**Task goal:**
Leave out pictures; repeat exactly the lines from the "患儿名叫郝籽瀚,他的奶奶侯素" line through the last of the data below.

**Information supplied:**
###

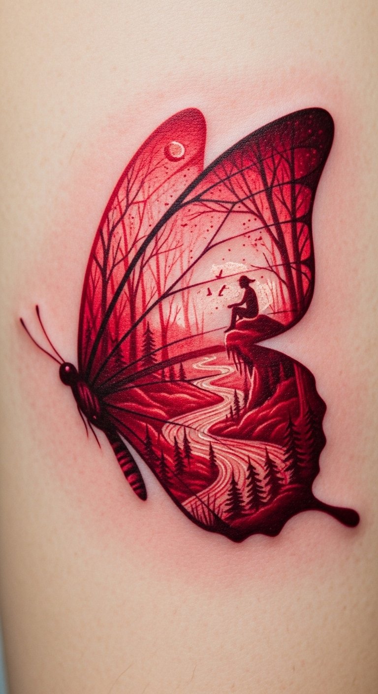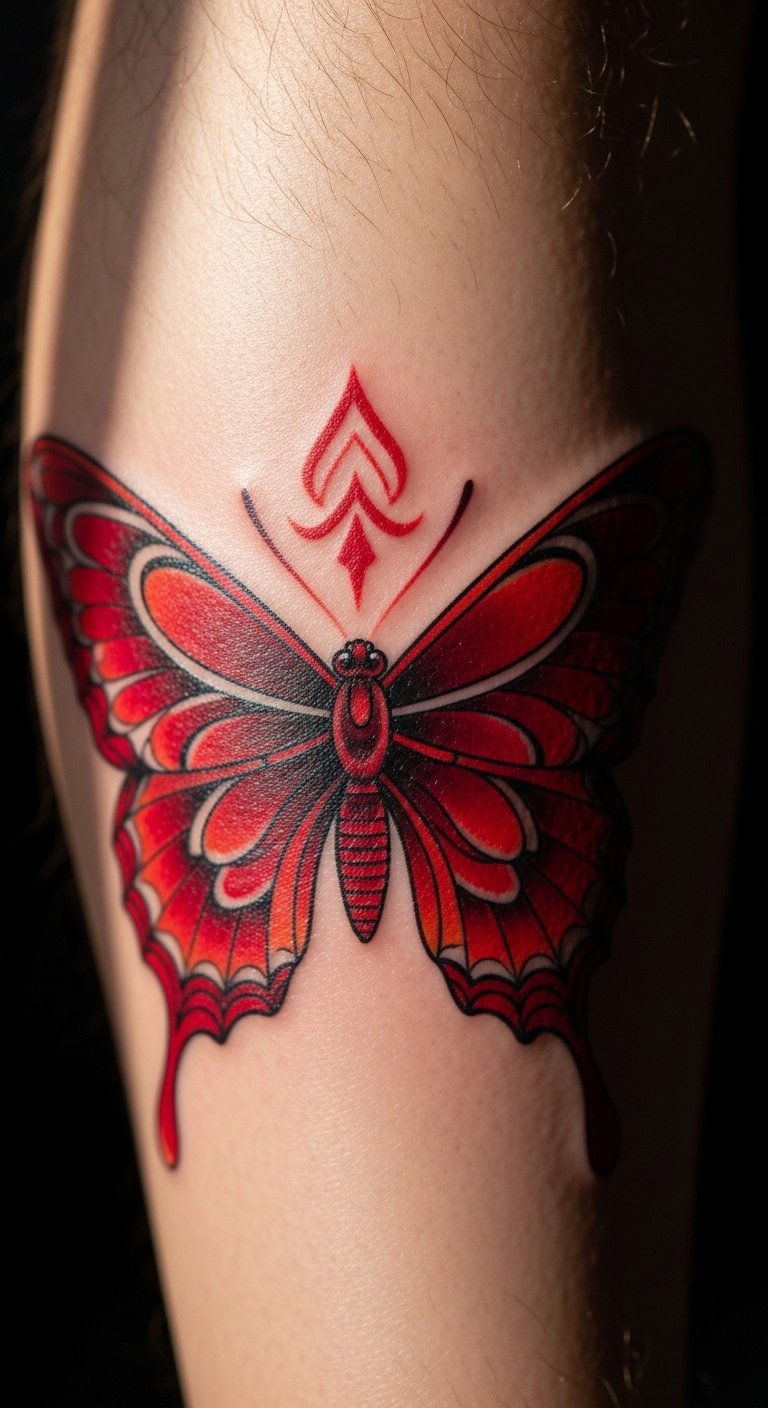 This tattoo highlights strength hidden in vulnerability, blending red’s energy with butterfly grace.
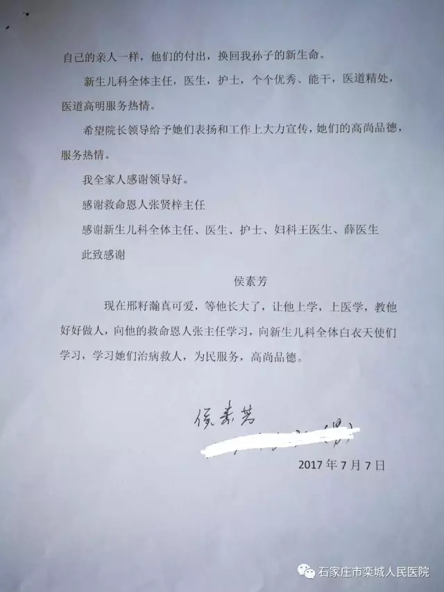 患儿名叫郝籽瀚,他的奶奶侯素芬在感谢信中留下这么一段话:孩子大了,一定让他好好学习,也让他学医,做个医生。也正是这段话,引起说者、听者的共鸣,泪不自禁。这一句简单的话语里,我们听懂了理解、尊重、感激等等很多话外的东西......。
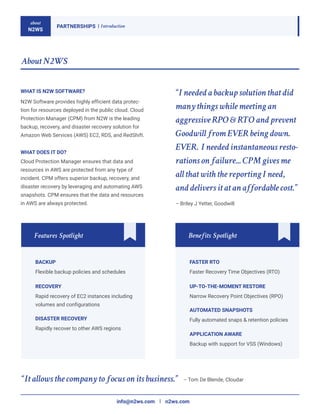 N2WS offers a comprehensive data protection solution, Cloud Protection Manager (CPM), for AWS resources, ensuring efficient backup, recovery, and disaster recovery. The software automates snapshots and provides flexible backup policies, helping service providers enhance customer protection while generating recurring revenue. With features like centralized dashboards and self-service options, N2WS supports partners in delivering effective cloud solutions and improving customer satisfaction.

###

**Response to this exercise:**
 患儿名叫郝籽瀚,他的奶奶侯素芬在感谢信中留下这么一段话:孩子大了,一定让他好好学习,也让他学医,做个医生。也正是这段话,引起说者、听者的共鸣,泪不自禁。这一句简单的话语里,我们听懂了理解、尊重、感激等等很多话外的东西......。
 N2WS offers a comprehensive data protection solution, Cloud Protection Manager (CPM), for AWS resources, ensuring efficient backup, recovery, and disaster recovery. The software automates snapshots and provides flexible backup policies, helping service providers enhance customer protection while generating recurring revenue. With features like centralized dashboards and self-service options, N2WS supports partners in delivering effective cloud solutions and improving customer satisfaction.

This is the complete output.